**EXTRACTED INFORMATION**

Content starts

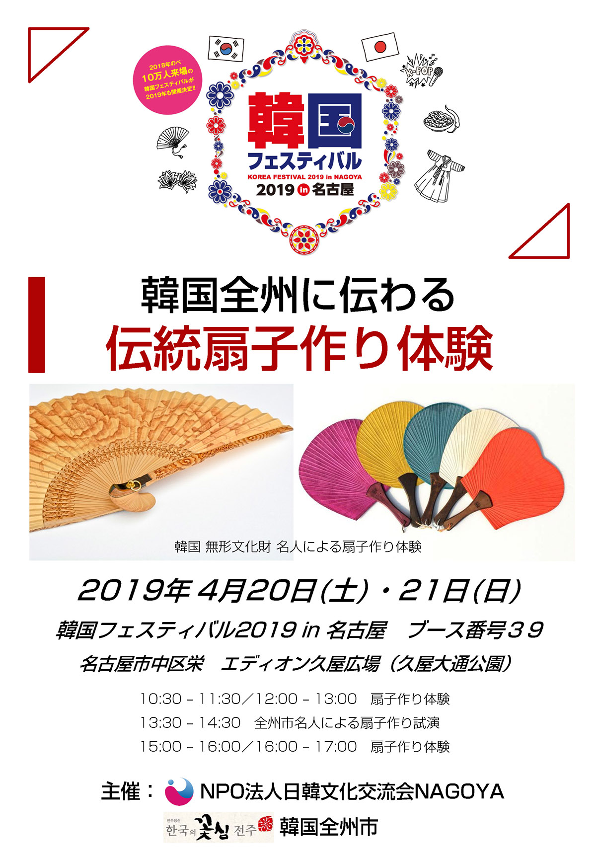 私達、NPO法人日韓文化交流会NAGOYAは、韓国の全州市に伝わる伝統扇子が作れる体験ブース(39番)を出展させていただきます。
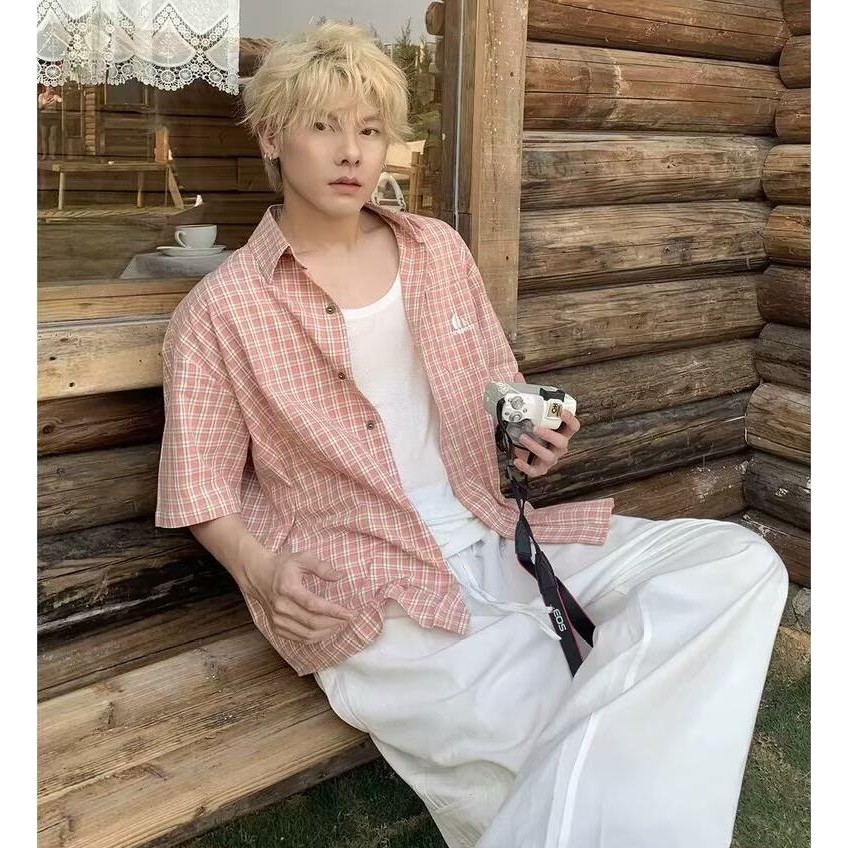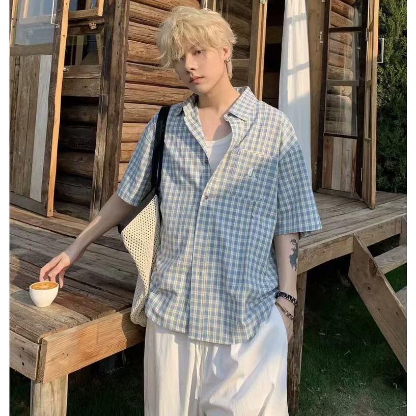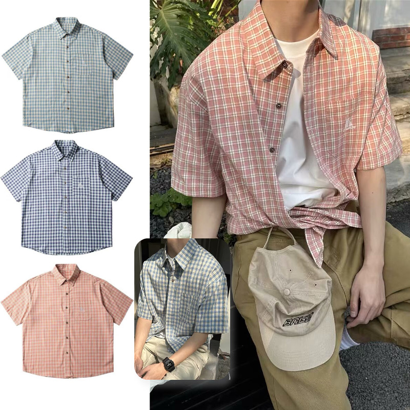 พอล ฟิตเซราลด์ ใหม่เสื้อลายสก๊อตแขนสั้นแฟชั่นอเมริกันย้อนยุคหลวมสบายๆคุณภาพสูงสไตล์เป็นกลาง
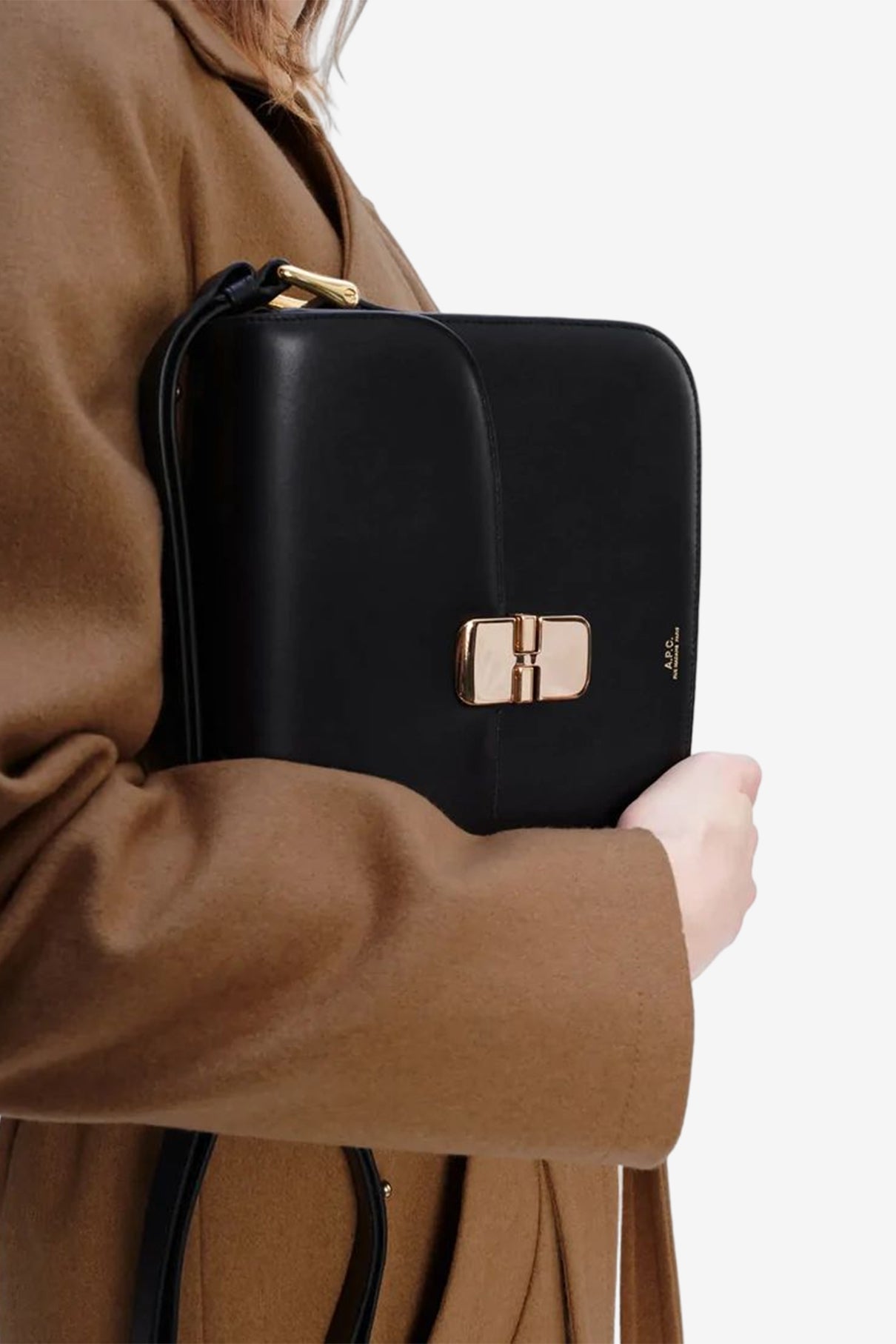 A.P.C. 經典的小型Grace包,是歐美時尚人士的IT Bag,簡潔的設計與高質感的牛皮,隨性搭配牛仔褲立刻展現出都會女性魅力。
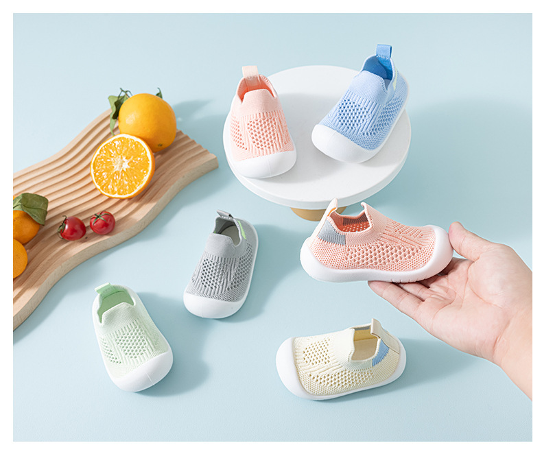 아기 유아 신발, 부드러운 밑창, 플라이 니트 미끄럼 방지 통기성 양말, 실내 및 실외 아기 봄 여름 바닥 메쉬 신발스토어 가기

Content ends
Content starts

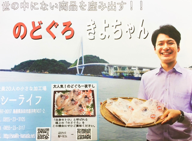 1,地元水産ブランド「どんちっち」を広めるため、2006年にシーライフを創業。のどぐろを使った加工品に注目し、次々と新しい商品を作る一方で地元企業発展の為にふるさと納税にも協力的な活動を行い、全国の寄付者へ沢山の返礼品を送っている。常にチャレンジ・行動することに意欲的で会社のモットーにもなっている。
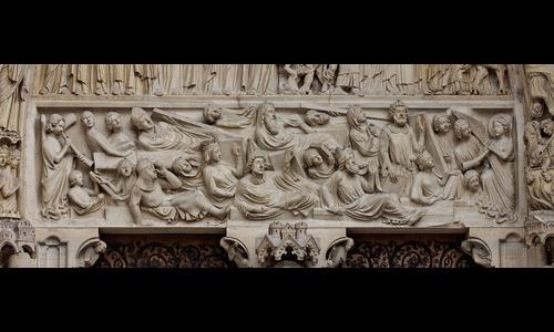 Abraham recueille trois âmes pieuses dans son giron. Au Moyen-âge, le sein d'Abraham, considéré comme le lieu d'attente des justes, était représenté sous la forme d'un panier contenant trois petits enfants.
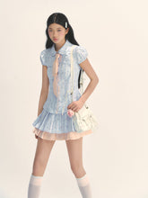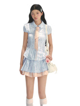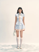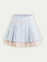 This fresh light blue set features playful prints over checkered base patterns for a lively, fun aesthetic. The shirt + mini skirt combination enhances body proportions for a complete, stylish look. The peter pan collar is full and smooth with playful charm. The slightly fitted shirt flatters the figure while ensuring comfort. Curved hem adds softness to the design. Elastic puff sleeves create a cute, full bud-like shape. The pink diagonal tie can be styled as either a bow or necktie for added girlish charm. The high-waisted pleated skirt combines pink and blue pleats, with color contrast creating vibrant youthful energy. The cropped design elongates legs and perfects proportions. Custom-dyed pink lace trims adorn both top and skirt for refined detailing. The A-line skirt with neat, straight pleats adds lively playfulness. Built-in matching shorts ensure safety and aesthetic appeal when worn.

Content ends
Content starts

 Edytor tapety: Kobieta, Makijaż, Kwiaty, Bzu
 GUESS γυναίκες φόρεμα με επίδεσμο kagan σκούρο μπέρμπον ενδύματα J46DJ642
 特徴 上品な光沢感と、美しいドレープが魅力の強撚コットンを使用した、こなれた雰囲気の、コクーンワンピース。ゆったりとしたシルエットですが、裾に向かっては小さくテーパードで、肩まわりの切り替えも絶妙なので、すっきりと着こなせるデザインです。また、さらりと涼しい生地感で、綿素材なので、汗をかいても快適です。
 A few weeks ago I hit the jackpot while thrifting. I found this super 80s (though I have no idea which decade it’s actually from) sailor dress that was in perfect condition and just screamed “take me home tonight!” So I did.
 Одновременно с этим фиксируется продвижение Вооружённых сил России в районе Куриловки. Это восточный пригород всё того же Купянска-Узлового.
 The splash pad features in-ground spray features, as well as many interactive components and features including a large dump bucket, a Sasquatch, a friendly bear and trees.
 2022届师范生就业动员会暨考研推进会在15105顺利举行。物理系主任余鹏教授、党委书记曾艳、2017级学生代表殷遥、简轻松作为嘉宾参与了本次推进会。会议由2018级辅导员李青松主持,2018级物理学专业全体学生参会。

Content ends

**ASSIGNMENT**
Please return the material above only from the line that holds "私達、NPO法人日韓文化交流" through the line that holds "아기 유아 신발, 부드러운", exactly as it stands, ends included and pictures omitted.

**THE COMPLETED TASK**
 私達、NPO法人日韓文化交流会NAGOYAは、韓国の全州市に伝わる伝統扇子が作れる体験ブース(39番)を出展させていただきます。
 พอล ฟิตเซราลด์ ใหม่เสื้อลายสก๊อตแขนสั้นแฟชั่นอเมริกันย้อนยุคหลวมสบายๆคุณภาพสูงสไตล์เป็นกลาง
 A.P.C. 經典的小型Grace包,是歐美時尚人士的IT Bag,簡潔的設計與高質感的牛皮,隨性搭配牛仔褲立刻展現出都會女性魅力。
 아기 유아 신발, 부드러운 밑창, 플라이 니트 미끄럼 방지 통기성 양말, 실내 및 실외 아기 봄 여름 바닥 메쉬 신발스토어 가기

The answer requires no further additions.